[[ INPUT RECORDS, beginning ]]

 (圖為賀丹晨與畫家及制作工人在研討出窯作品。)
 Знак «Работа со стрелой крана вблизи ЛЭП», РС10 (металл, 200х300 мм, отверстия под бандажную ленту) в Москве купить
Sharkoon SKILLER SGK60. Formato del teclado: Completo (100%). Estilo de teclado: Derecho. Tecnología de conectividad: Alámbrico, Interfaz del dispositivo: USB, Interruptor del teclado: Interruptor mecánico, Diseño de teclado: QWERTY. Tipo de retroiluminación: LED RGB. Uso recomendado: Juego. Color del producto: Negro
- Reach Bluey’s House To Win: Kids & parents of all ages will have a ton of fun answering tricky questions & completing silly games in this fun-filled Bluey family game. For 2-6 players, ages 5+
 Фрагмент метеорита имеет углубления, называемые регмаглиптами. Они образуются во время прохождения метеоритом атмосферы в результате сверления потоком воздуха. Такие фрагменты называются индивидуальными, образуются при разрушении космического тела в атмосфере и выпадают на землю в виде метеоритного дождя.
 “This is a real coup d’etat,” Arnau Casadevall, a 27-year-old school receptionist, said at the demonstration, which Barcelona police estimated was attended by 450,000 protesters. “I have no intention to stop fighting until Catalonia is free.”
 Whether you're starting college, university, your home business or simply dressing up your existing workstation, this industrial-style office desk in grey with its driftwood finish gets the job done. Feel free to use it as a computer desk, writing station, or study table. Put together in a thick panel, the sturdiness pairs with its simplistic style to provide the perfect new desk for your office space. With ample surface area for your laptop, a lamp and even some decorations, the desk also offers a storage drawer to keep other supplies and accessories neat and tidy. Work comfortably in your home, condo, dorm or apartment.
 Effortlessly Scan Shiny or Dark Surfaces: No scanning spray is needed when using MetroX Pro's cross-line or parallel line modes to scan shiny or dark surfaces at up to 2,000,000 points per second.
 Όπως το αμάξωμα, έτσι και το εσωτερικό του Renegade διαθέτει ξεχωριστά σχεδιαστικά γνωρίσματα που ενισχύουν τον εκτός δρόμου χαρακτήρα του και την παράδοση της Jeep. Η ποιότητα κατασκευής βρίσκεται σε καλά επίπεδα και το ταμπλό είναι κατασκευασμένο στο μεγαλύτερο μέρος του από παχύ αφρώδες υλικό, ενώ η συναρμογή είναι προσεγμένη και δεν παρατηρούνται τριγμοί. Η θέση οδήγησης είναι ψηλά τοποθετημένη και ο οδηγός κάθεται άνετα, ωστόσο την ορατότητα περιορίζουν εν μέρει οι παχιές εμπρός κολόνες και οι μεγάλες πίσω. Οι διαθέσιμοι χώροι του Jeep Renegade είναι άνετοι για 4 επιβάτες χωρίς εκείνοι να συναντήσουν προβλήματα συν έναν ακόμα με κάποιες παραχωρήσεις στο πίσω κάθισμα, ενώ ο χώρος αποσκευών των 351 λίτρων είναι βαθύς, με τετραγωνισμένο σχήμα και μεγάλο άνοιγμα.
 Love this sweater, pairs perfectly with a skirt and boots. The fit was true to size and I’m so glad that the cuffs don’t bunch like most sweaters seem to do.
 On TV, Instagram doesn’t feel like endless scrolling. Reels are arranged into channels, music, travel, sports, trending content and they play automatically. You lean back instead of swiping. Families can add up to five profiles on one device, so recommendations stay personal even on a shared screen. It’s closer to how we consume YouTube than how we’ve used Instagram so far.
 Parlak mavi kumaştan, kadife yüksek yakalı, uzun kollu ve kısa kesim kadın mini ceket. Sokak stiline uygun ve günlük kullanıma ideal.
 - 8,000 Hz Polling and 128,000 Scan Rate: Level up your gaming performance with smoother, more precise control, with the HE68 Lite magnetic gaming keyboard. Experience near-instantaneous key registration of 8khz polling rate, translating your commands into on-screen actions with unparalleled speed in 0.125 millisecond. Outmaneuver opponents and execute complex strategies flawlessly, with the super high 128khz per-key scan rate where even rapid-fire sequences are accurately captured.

[[ INPUT RECORDS, end ]]

> _AIM OF THE EXERCISE_:
Above are the records; from them, give again exactly the lines from the one containing "- Reach Bluey’s" through the one containing "a real coup", both included.

> _SOLUTION TO THIS TASK_:
- Reach Bluey’s House To Win: Kids & parents of all ages will have a ton of fun answering tricky questions & completing silly games in this fun-filled Bluey family game. For 2-6 players, ages 5+
 Фрагмент метеорита имеет углубления, называемые регмаглиптами. Они образуются во время прохождения метеоритом атмосферы в результате сверления потоком воздуха. Такие фрагменты называются индивидуальными, образуются при разрушении космического тела в атмосфере и выпадают на землю в виде метеоритного дождя.
 “This is a real coup d’etat,” Arnau Casadevall, a 27-year-old school receptionist, said at the demonstration, which Barcelona police estimated was attended by 450,000 protesters. “I have no intention to stop fighting until Catalonia is free.”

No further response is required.